2023-09-15xap_helper: detect non-socket STDIN
We don't want to get into a worker respawn loop if somebody just decides to start the executable from a terminal.
2023-09-05xap_helper: support SIGTTIN+SIGTTOU worker adjustments
Being able to tune worker process counts on-the-fly when xap_helper gets used with -{netd,httpd,imapd} will be useful for tuning new setups.
2023-09-01xap_helper: deal with Xapian::DocNotFoundError
It's possible for a long mset streaming operation to hit missing documents after a database reopen if deletes hit the DB.
2023-08-24xap_helper: reopen+retry in MSetIterator loops
It's possible to hit a DatabaseModifiedError while iterating through an MSet. We'll retry in these cases and cleanup some code in both the Perl and C++ implementations.

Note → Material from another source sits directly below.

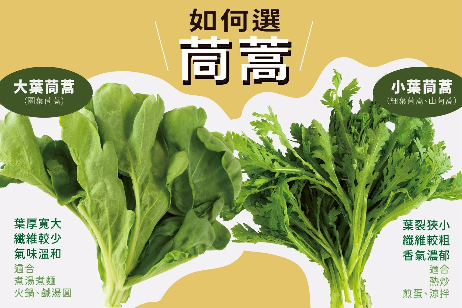 大葉茼蒿葉片圓滑飽滿,口感軟嫩,適合燙火鍋或煮湯圓 ;山茼蒿(春菊)葉子細長,香氣強烈且口感清脆,適合熱炒 。 - 茼蒿為什麼被稱為「消火藥」?

2023-08-24cindex: implement dump_roots in C++
It's now just `dump_roots' instead of `dump_shard_roots', since this doesn't need to be tied to the concept of shards. I'm still shaky with C++, but intend to keep using stuff like hsearch(3) to make life easier for C hackers :P
2023-08-24introduce optional C++ xap_helper
This allows us to perform the expensive "dump_ibx" operations in native C++ code using the Xapian C++ library. This provides the majority of the speedup with the -cindex --associate switch. Eventually this may be expanded to cover all uses of Xapian within the project to ensure we have access to Xapian APIs which aren't available in XS|SWIG bindings; and also for ease-of-installation on systems which don't provide pre-packaged Perl Xapian bindings (e.g. OpenBSD 7.3) but do provide Xapian development libraries. Most of the C++ code is still C, as I'm not remotely familiar with C++ compared to C. I suspect many users and potential hackers being from git, Linux kernel, and glibc world are in the same boat.